Facing fourth-and-10 at the Green Bay 24 with eight seconds to play Monday night, the Seattle Seahawks conjured up a miracle with a Russell Wilson-to-Golden Tate touchdown pass as time expired, setting off a few minutes of pandemonium at CenturyLink Field. Tate had gone up for the desperation pass in the end zone and came down with the ball, though Green Bay safety M.D. Jennings had an equally good, and maybe an even better grip.
Two minutes later, after an obligatory video review of the play, referee Wayne Elliott confirmed that it was a touchdown, giving Seattle a 14-12 victory over the Packers and setting off a renewed celebration by the Seahawks and their fans.
"That's the most memorable ending to a game I've ever been a part of at any level," Seattle tight end Zach Miller said. "It was crazy."

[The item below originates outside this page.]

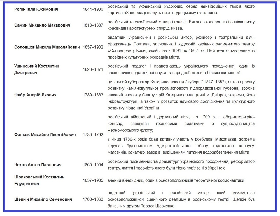 У наведеному документі загалом 50 імен та прізвищ – діячів науки та культури , які колись прямо були пов’язані з Україною.
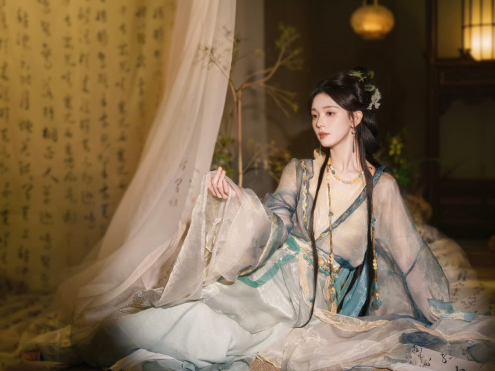 抬眼望来的俄顷,书卷气与阴寒感交汇,轻而易举间齐是登科漂后,好似是从古籍中走出的仕女,每一处穿搭细节都透着古典韵味。

"I was just telling one of the coaches, 'Is this real? Did this really just happen?'" said Seahawks fullback Michael Robinson.
"I'm still in shock," added Seattle running back and kick returner Leon Washington.
The Packers, meanwhile, were openly furious about the officiating on the final play. "It was awful," said Green Bay quarterback Aaron Rogers. "Just look at the replay and then the fact that it was reviewed (and not overturned). It's awful, and that's all I'm going to say about that."
That Seattle had a chance to win was a credit to an offensive unit that struggled badly in the second half, going without a first down until midway through the fourth quarter, and then had a potential go-ahead scoring drive ended on downs at the Green Bay 10 with 1:54 to play.
But the Seahawks' defense forced a punt and Seattle used two timeouts to get the ball back at the Packers 46 with 46 seconds remaining. A 22-yard completion from Russell to wide receiver Sidney Rice moved the ball to the 24, though Russell's next three passes all fell incomplete.

On fourth down, Wilson rolled to the right and then circled back to the center of the field. He lofted a pass to the left side of the end zone, where Tate and teammate Charly Martin were bunched with a trio of Packers defenders. The ball was up for grabs and Tate gave himself a chance by shoving away Packers cornerback Sam Shields a moment before the ball arrived.
Tate then went up with Green Bay's Jennings, and both players got their hands on the ball. It appeared that Jennings was closer to an interception than Tate was to a reception -- it was probably 70 percent-30 percent, advantage Jennings -- but using the rule of simultaneous possession, which favors the offensive player, two officials raised their hands to signal a touchdown.
And the stadium erupted in bedlam.
"I just ran my route on the back side, kind of sat there as a spectator for a few seconds, and I saw the ball come up," Tate said. "It was time to compete for the ball and do my best to come down with it. To make some kind of play."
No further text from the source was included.